Mark Cavendish filled one of the very few gaps on his palmarès when he showed a clean pair of heels to his rivals on the final straight at Utah Beach to claim his 27th stage victory at the Tour de France and with it his first yellow jersey.
"I’m so happy. I really wanted to win here today," Cavendish said. "The lads were incredble. Edvald [Boasson Hagen] did the most incredible turn at the end. He rode out of skin today. I’m so happy to do this for Dimension Data today. There’s no better way to highlight the Quebeka charity.
"It's quite emotional. This is the only jersey in cycling I’ve not worn. I’ve had all three points jerseys, the worlds jerseys and the leaders jerseys in the Giro and the Vuelta and now this. I just wanted to win the stage and to wear this jersey is an honour. I’ve built my whole career on this race."
Well protected by his Dimension Data teammates coming into the final kilometre, where a strong crosswind was a complicating factor, Cavendish jumped onto Peter Sagan's wheel when Tinkoff's world champion accelerated from 200 metres out. As the heavily tipped Marcel Kittel (Etixx-QuickStep) began to come through on Sagan's left, Cavendish went on the Slovak's right and arrowed clear of his rivals, crossing the line two bike lengths ahead of Kittel, with Sagan third and Lotto-Soudal's André Greipel in fourth.
The success, which was Cavendish's first major objective for the season before he targets an Olympic medal in Rio de Janeiro and a second world road title in Qatar in October, was also the first time the Manxman had beaten Kittel in a head-to-head sprint and he could have chosen no better moment to put an end to that hoodoo as well as to suggestions that he's past his best.

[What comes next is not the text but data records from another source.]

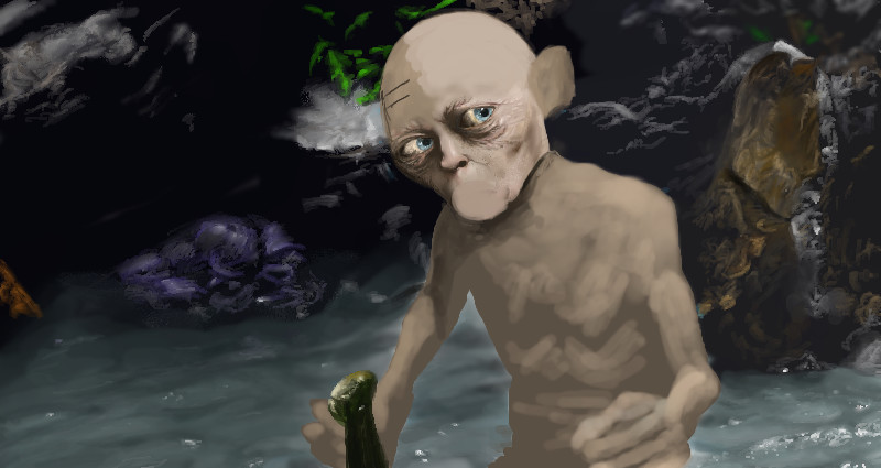 i wanted to do a pic of him where he's got his smeagol eyes..this is as close as i found.i think this is when faromir makes frodo call gollum up from the forbidden pool of whatever : )
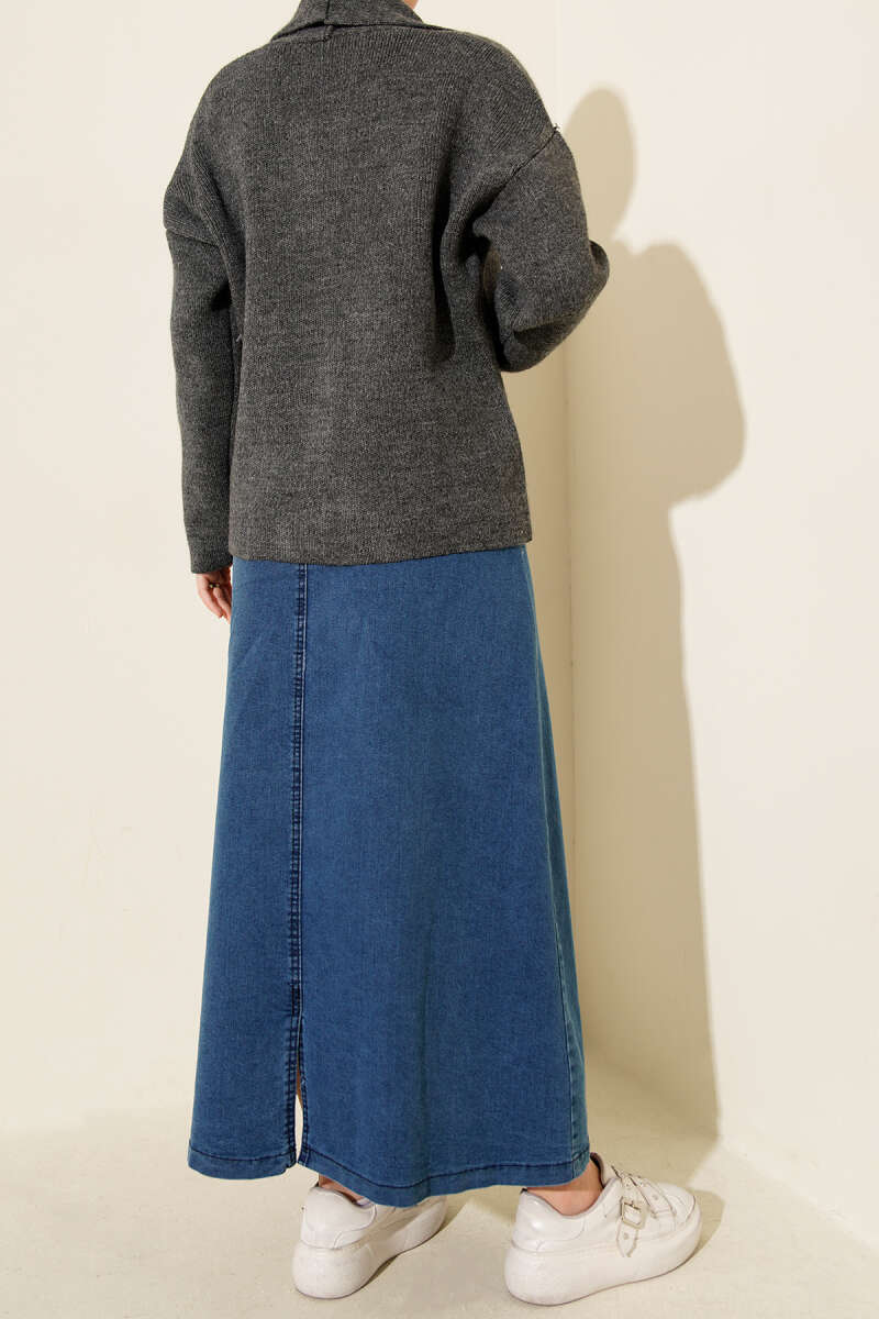 Dikişli Fitilli Kaşe Etek Lacivert
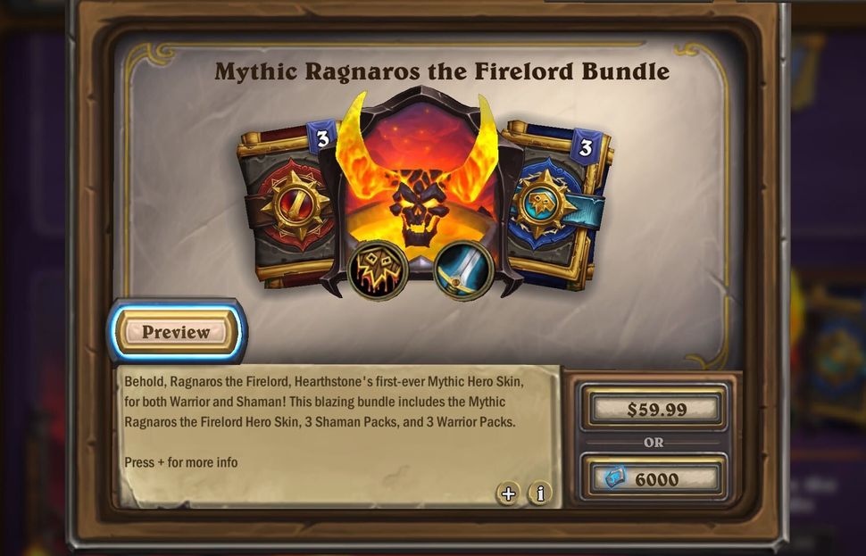 Справедливости ради, набор Мифический Рагнарос Повелитель Огня — это полностью анимированный 3D-скин, и единственный, который могут использовать два класса: Воин и Шаман. В набор также входят три набора карт Шамана и три набора Воина. Технически, да, это несколько снижает цену на скин, в том смысле, что если вы хотите купить эти наборы по отдельности, вам придется за них заплатить. Но для большинства игроков Hearthstone это, похоже, просто добавило раздражения.
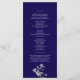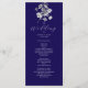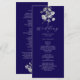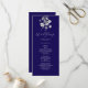 Célébrez votre cérémonie avec style avec ce programme de mariage élégant, mettant en vedette un fond bleu royal profond et des illustrations florales argentées gracieuses. La mise en page offre un format propre et facile à lire pour vos invités, ce qui en fait un choix sophistiqué pour les mariages d'hiver et les mariages formels.
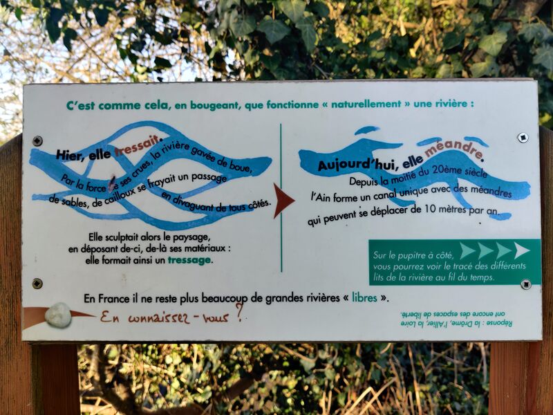 Une immersion dans les larges méandres ponctués par des bancs de galets et des lônes de la rivière d'Ain, qui change fréquemment de forme et dont le cours varie au gré des crues. Elle vit ici un parcours en liberté, c'est-à-dire un espace où elle peut divaguer, déborder, prendre ses aises. Cette dynamique crée une mosaïque de milieux : lônes, brotteaux, ripisylves qui abritent une faune et flore riches. La forêt alluviale y est naturelle et bordée par des pelouses sèches à orchidées. De nombreux panneaux d'interprétation jalonnent le parcours pour vous aider à découvrir les phénomènes naturels de la rivière, et vous guident dans l'appréciation du patrimoine autour du village de Blyes, comme le prieuré de Notre Dame des Ariges, construit avec les galets de la rivière d’Ain.
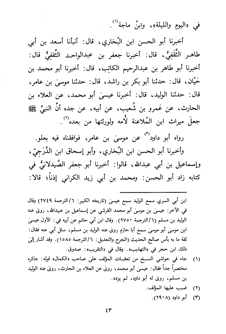 أَخْبَرَنَا أَبُو الْحَسَنِ بْنُ الْبُخَارِيِّ، قال: أَنْبَأَنَا أَسْعَدُ بْنُ أَبي طَاهِرٍ الثَّقَفِيُّ، قال: أَخْبَرَنَا جَعْفَرُ بْنُ عَبْدِ الْوَاحِدِ الثَّقَفِيُّ قال: أَخْبَرَنَا أَبُو طَاهِرِ بْنُ عَبد الرَّحِيمِ الْكَاتِبُ، قال: أَخْبَرَنَا أَبُو مُحَمَّد بْن حيان، قال: حَدَّثَنَا أَبُو بَكْرِ بْنُ رَاشِدٍ، قال: حَدَّثَنَا مُوسَى بْنُ عَامِرٍ، قال: حَدَّثَنَا الْوَلِيدُ، قال: أَخْبَرَنَا عِيسَى أَبُو مُحَمَّدٍ، عَنِ الْعَلاءِ بْنِ الحارث، عَنْ عَمْرو بْن شعيب، عَن أَبِيهِ، عَنْ جده أن النَّبِيُّ صلى الله عليه وسلم جَعَلَ مِيرَاثَ ابْنِ الْمُلاعِنَةِ لأُمِّهِ ولِوَرَثَتِهَا مِنْ بَعْدِهِ (2) .

As is always the case, the Tour's opening stage was a nervy affair in parts and saw several riders hit the deck. The most notable was two-time champion Alberto Contador, who went down hard after BMC's Brent Bookwalter lost control coming out of a roundabout at high speed, the impact also taking down Sky's Luke Rowe. Although the Spaniard suffered cuts and grazes to his back and right shoulder, he remounted quickly and finished in the pack led in by Cavendish.